Creating a context of love…

Last night and at first light this morning I was pondering some thoughts and questions about your paper On Being, Creation and Reality — enough so that I had to get up out of bed with Karin — a difficult enough action by itself — to write down some of what I had been thinking. I think out loud here a bit with you.

I’m not sure how this relates to your entire Creation idea, but what I was thinking is that misinterpretation of it could lead to the problems which much of our human potential movement addressed in the 60s and 70s: that people who accept and wish to practice “creating their own universes” might, in the  effort to do so, slip into merely living less than congruent, genuine, or authentic lives — living somewhat blindly their dream that life is beautiful and that they are happy, but when in reality their lives are lonely or hellish by most accepted standards. (Remember the movie, “A Beautiful Life”  father & son in the concentration camp?)
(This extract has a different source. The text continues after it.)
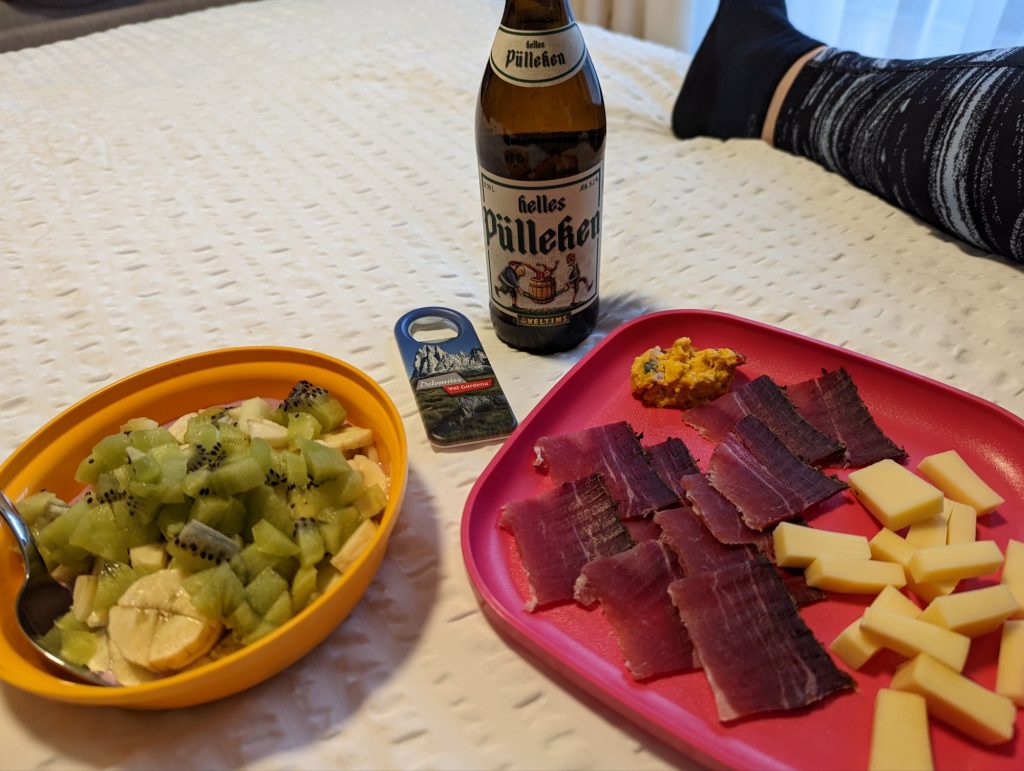 Zum Nachmittag schreibt mich Mjriam an, ob ich nicht Lust habe, mit Ihnen Abend zu essen. Natürlich mache ich das viel zu gerne 😊. Da Mjriam auch Flüchtlinge aus der Ukraine aufgenommen hat, (Ihre jährlichen Wintergäste) kommen noch 3 Personen mehr an den Tisch und es entwickelt sich eine sehr interessante Unterhaltungsmethode 😄. Alle zusammen können wir in Englisch reden, Guido kann aber auch recht gut russisch und so unterhält er sich gerne auch in deren Sprache. Mit Mjriam und Guido spreche ich in Deutsch – und wenn nur die beiden miteinander gesprochen haben, dann in Ladinisch. Das war ein super nettes und freundliches Abendessen… mit noch einem bis zwei Absacker 🤪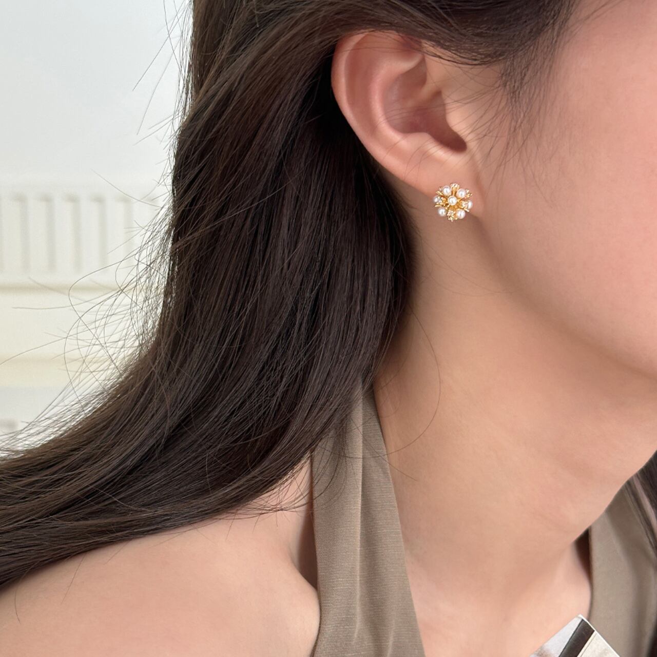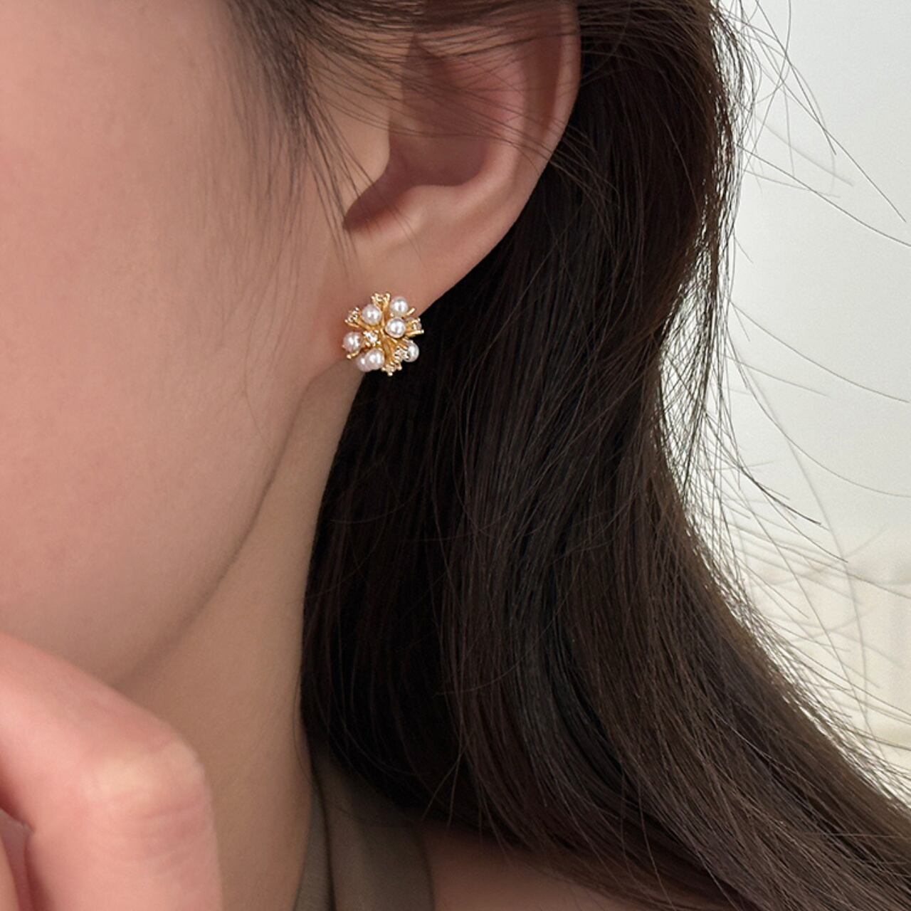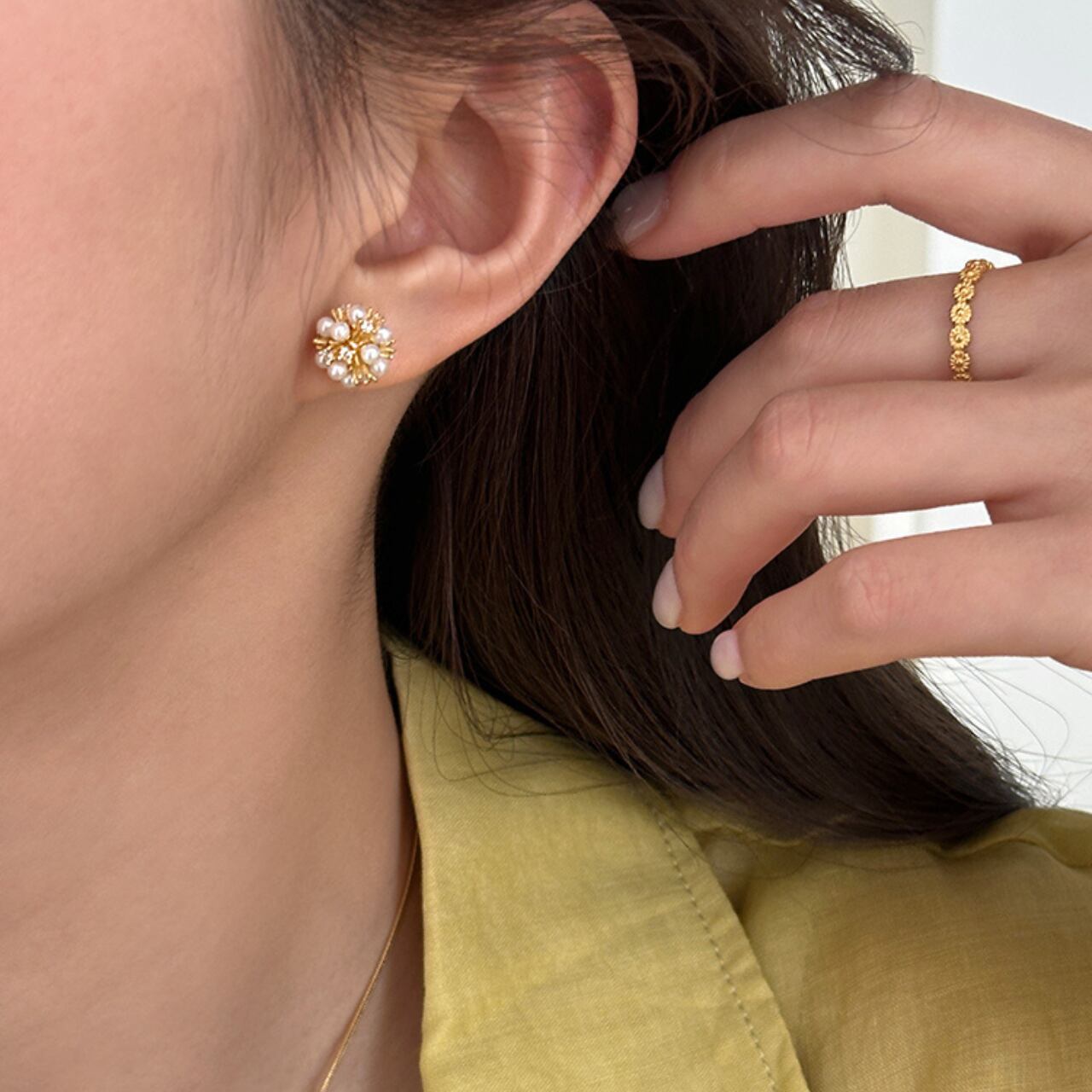 上品な輝きを放つパールが贅沢にあしらわれた、洗練されたデザイン。さりげないながらも存在感があり、普段使いから特別な日のお洒落まで幅広く活躍します。

But their created reality, or even their context, might be that their lives are heaven on earth. They may lose touch with reality and be labeled as loony as many geniuses are and locked away in hospitals somewhere.

I was thinking of what I had thought were my worst 6 months in life. I now see it as a positive growing experience for me. But viewed from the outside, it was a hellish, humiliating, unjust, devestating experience in society’s reality. I could have created it within a victim’s context which would have made it horrible. But I created it as being something quite different and beneficial. Was that merely my incredible survival mechanisms at work?

What is more genuine: my subjective experience of reality or a more objective reality? Certainly my reality is more authentic for me. Was I SOURCING my own reality? Isn’t that what so-called “crazy” people do?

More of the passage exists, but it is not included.